Recent upper respiratory tract infections have been reported by more than half of patients with SJS.
Bacterial infections linked to SJS include group A beta-hemolytic streptococci, diphtheria, brucellosis, lymphogranuloma venereum, mycobacteria, Mycoplasma pneumoniae, rickettsial infections, tularemia, and typhoid.
Fungal infections with coccidioidomycosis, dermatophytosis, and histoplasmosis are also considered possible causes. Malaria and trichomoniasis, protozoal infections, have also been reported as causes.
In some East Asian populations studied (Han Chinese and Thai), carbamazepine- and phenytoin-induced SJS is strongly associated with HLA-B*1502 (HLA-B75), an HLA-B serotype of the broader serotype HLA-B15. A study in Europe suggested the gene marker is only relevant for East Asians.
Based on the Asian findings, similar studies in Europe showed 61% of allopurinol-induced SJS/TEN patients carried the HLA-B58 (phenotype frequency of the B*5801 allele in Europeans is typically 3%). One study concluded: “Even when HLA-B alleles behave as strong risk factors, as for allopurinol, they are neither sufficient nor necessary to explain the disease.”
Micrograph showing full-thickness epidermal necrosis with a basket weave-like stratum corneum and separation of the dermis and epidermis, skin biopsy, H&E stain
SJS, like TEN and erythema multiforme, is characterized by confluent epidermal necrosis with minimal associated inflammation. The acuity is apparent from the (normal) basket weave-like pattern of the stratum corneum. An idiosyncratic, delayed-hypersensitivity reaction has been implicated in the pathophysiology of SJS. Certain population groups appear more susceptible to develop SJS than the general population. Slow acetylators, patients who are immunocompromised (especially those infected with HIV), and patients with brain tumors undergoing radiotherapy with concomitant antiepileptics are among those at most risk.
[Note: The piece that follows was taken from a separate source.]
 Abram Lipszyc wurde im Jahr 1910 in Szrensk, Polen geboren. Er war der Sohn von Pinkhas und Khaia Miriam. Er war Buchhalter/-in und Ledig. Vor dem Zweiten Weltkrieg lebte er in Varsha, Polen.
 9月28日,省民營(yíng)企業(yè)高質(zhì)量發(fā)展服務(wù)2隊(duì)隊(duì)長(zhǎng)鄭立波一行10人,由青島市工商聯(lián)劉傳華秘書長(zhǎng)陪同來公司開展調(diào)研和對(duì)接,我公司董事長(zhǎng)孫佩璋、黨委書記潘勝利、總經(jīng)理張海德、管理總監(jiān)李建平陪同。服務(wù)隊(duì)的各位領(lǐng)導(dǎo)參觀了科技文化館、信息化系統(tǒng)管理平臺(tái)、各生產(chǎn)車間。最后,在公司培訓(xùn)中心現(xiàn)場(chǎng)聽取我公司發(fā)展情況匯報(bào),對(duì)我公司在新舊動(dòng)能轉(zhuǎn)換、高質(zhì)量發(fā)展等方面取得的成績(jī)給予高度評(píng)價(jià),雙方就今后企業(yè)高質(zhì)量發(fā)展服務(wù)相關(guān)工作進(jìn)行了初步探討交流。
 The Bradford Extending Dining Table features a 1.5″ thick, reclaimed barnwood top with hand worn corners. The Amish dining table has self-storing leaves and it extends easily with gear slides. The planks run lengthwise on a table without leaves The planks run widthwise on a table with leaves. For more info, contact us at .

Slow acetylators are people whose liver cannot completely detoxify reactive drug metabolites. For example, patients with sulfonamide-induced toxic epidermal necrolysis have been shown to have a slow acetylator genotype that results in increased production of sulfonamide hydroxylamine via the cytochrome P-450 pathway. These drug metabolites may have direct toxic effects or may act as haptens that interact with host tissues, rendering them antigenic.
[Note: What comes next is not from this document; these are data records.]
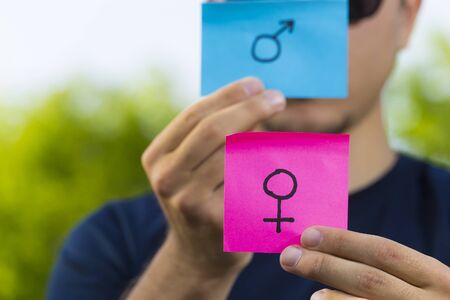 Symbol of man and woman in hands on color stickers. The concept of psychology of relationships. Toned
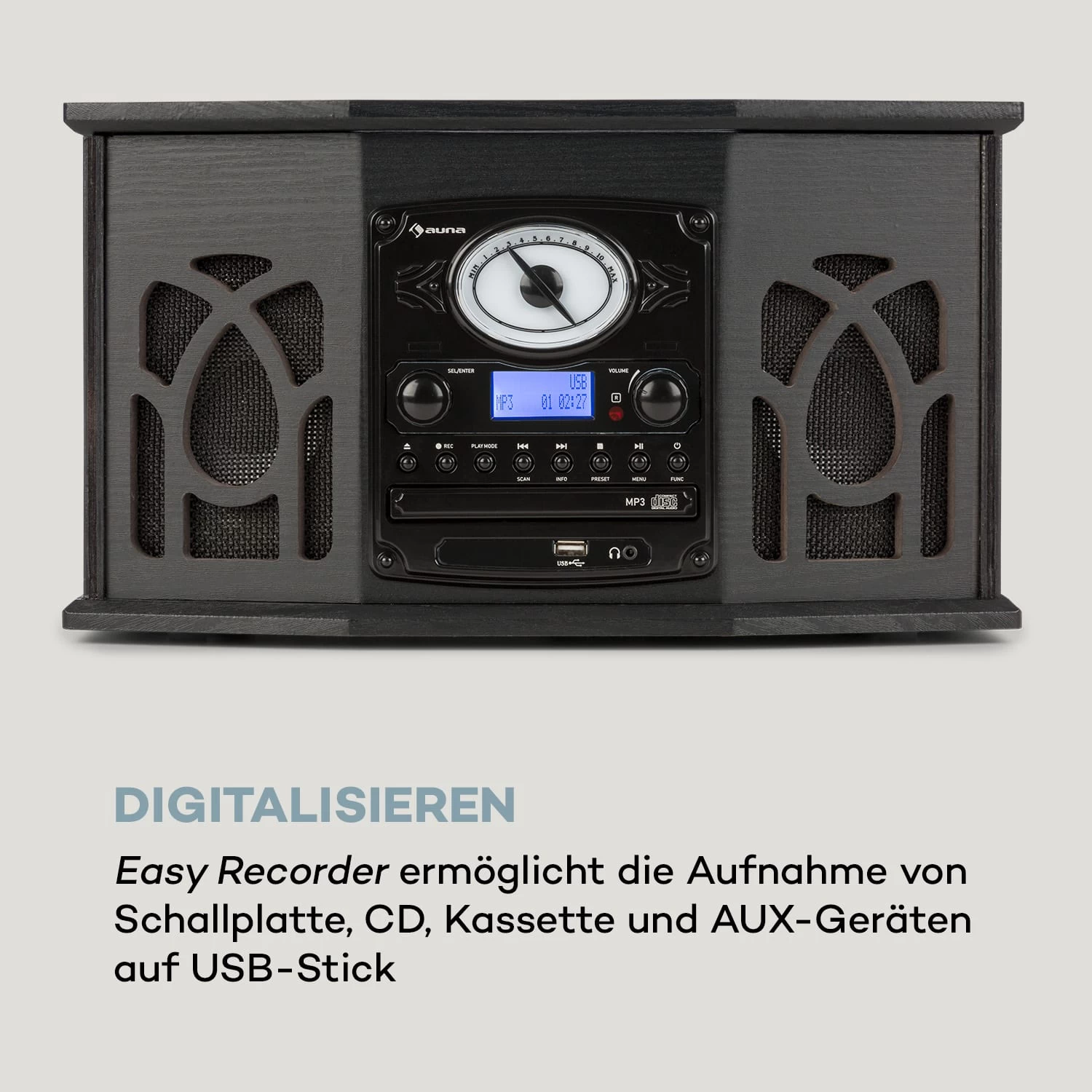 Die NR-620 Stereoanlage von auna fügt sich durch ihr elegantes, gemütliches Design nahtlos ins Wohnambiente ein und begeistert mit ihrer Funktionsvielfalt.
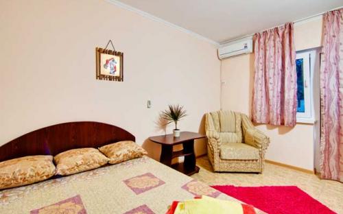 "Стандарт"- (14 кв.м.) с удобствами (душ + санузел). Номер оборудован: двуспальной кроватью, креслом-кроватью (или односпальной кроватью), шкафом для одежды, тумбочками, журнальным столом, ТВ, холодильником и кондиционером.
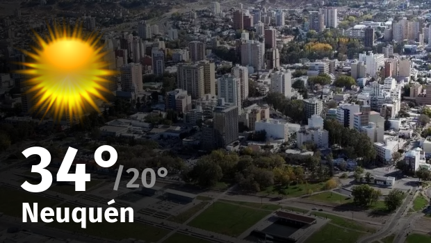 Para esta jornada el pronóstico del tiempo para la ciudad de Neuquén indica cielo claro con una temperatura máxima de 34 °C y una temperatura mínima de 20 °C.
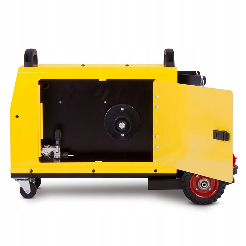PODWOZIE NA KOŁACH - spawarka posiada demontowalne podwozie jezdne. Z przodu dwa koła skrętne a z tyłu koła na łożyskach. Półka przystosowana na małe butle gazowe.
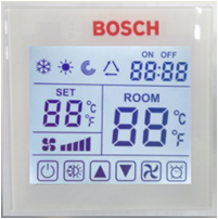 此線控器采用超薄設計,厚度僅有13mm,機身尺寸86*86毫米.外觀采用白色亞克力,超薄純平設計,一體化外殼前后蓋之間無縫隙裝配設計,時尚豪華。采用超大觸摸式屏幕液晶顯示,操作方便.白色背光選擇,給人舒適的視覺享受。并有按鍵鎖定及解鎖功能,可以防止他人誤操作。背光的屏幕保護,更加節能。產品內置功能強大,內置多功能組合自由設定;具有制冷、制熱、風速選擇、時鐘設定等多種功能,并具備掉電保持功能。加直流電機驅動輸出。
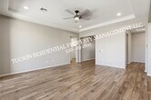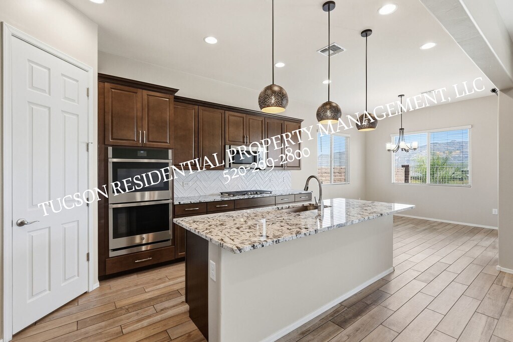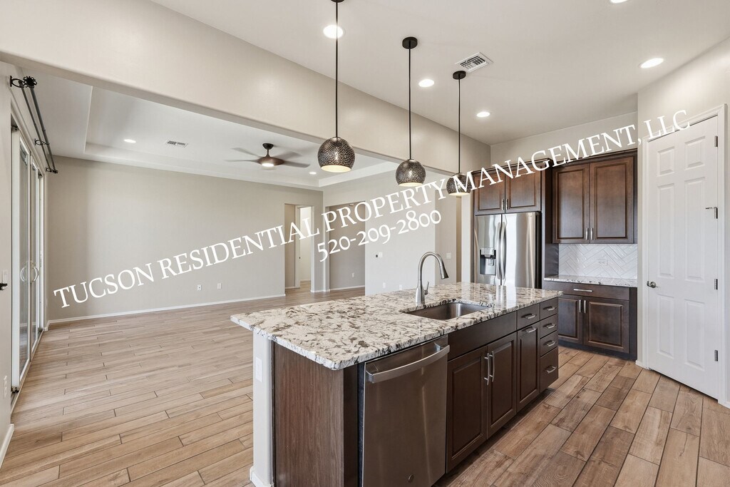 To view this property please paste /copy the link below ln your browser: Built 2022 3 BED 2.5 BATH+DEN 2262 SQ.FT single-story home located in the highly sought-after Rocking K Community featuring a highly desirable and thoughtfully designed floor plan. The home offers generous living spaces, ideal for both everyday living and entertaining. At the heart of the home is a well-appointed kitchen featuring rich wood cabinetry, granite countertops, and stainless steel appliances. A charming breakfast nook provides the perfect spot for casual dining. Included appliances are a refrigerator, gas stove, double oven, dishwasher, and built-in microwave. The open-concept layout seamlessly connects the kitchen to the formal dining and living areas, creating an inviting and functional space. Large sliding glass doors fill the home with natural light while showcasing scenic mountain views.The primary bedroom serves as a private retreat, complemented by two additional well-sized bedrooms. The home also features modern bathrooms, a dedicated laundry room with washer/dryer hookups, a walk-in closet, neutral flooring, recessed lighting, and ceiling fans throughout for added comfort and convenience. Elegant tile flooring enhances the main living areas, while plush carpeting in the bedrooms adds warmth and comfort. Step outside to a beautifully maintained backyard featuring a sparkling pool, your own private oasis, perfect for relaxing, entertaining, and enjoying Tucson's sunshine. The property also includes a spacious three-car garage. WEEKLY POOL SERVICE INCLUDED. Pets are subject to approval. Pet rent $25/mo. per pet. Non-refundable pet-fee $ 300.00 per pet. Application Fee: $65 per app. Monthly Administration Fee: $25.00/mo. Move In Lease Administrative Fee: $250.00. SECURITY DEPOSIT $ $4,350.00 Please contact the leasing office if you have questions about the listing at: or call us at . To apply for this property please click on below link:

Antigen presentation and production of tumor necrosis factor (TNF)–alpha by the local tissue dendrocytes results in the recruitment and augmentation of T-lymphocyte proliferation and enhances the cytotoxicity of the other immune effector cells. A “killer effector molecule” has been identified that may play a role in the activation of cytotoxic lymphocytes. The activated CD8+ cytotoxic T cells, in turn, can induce epidermal cell apoptosis via several mechanisms, which include the release of granzyme B and perforin.
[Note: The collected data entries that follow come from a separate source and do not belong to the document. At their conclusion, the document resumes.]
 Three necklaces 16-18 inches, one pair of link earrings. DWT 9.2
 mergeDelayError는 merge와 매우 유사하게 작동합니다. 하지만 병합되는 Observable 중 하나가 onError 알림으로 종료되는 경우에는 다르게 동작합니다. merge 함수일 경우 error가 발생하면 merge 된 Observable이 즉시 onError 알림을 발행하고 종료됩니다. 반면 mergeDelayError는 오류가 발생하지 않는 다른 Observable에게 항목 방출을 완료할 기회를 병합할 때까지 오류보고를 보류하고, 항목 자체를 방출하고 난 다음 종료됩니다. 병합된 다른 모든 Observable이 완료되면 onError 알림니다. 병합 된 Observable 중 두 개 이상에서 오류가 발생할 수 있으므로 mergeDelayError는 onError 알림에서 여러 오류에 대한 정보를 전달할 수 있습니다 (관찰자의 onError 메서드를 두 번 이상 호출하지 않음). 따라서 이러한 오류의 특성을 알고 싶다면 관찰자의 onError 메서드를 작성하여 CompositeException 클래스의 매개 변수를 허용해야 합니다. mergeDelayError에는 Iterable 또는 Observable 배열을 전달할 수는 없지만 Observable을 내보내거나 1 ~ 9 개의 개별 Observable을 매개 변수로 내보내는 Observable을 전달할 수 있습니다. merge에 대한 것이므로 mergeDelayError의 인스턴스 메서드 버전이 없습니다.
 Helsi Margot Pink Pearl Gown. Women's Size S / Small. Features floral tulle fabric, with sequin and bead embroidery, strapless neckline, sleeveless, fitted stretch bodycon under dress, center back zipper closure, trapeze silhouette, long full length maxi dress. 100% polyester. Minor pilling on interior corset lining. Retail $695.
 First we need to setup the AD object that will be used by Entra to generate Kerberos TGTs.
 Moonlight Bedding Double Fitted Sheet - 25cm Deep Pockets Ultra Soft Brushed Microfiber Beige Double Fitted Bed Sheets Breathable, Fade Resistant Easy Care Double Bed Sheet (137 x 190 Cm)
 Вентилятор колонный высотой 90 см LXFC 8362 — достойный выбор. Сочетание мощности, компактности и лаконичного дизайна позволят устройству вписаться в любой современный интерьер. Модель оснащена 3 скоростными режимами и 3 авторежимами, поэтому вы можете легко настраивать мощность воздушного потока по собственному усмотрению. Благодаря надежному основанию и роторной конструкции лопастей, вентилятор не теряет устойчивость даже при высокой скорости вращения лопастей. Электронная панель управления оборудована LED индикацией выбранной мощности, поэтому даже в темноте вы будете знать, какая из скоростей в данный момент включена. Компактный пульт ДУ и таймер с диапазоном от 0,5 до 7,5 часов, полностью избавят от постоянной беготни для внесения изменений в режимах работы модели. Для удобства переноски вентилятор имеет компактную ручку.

Perforin, a pore-making monomeric granule released from natural killer cells and cytotoxic T lymphocytes, kills target cells by forming polymers and tubular structures not unlike the membrane attack complex of the complement system. Apoptosis of keratinocytes can also take place as a result of ligation of their surface death receptors with the appropriate molecules. Those can trigger the activation of the caspase system, leading to DNA disorganization and cell death.
Apoptosis of keratinocytes can be mediated by direct interaction between the cell-death receptor Fas and its ligand. Both can be present on the surfaces of the keratinocytes. Alternatively, activated T-cells can release soluble Fas ligand and interferon-gamma, which induces Fas expression by keratinocytes. Researchers have found increased levels of soluble Fas ligand in the sera of patients with SJS/TEN before skin detachment or onset of mucosal lesions.
The death of keratinocytes causes separation of the epidermis from the dermis. Once apoptosis ensues, the dying cells provoke recruitment of more chemokines. This can perpetuate the inflammatory process, which leads to extensive epidermal necrolysis. Higher doses and rapid introduction of allopurinol and lamotrigine may also increase the risk of developing SJS/TEN. Risk is lessened by starting these at the low doses and titrating gradually. Some evidence indicates systemic lupus is a risk factor, as well.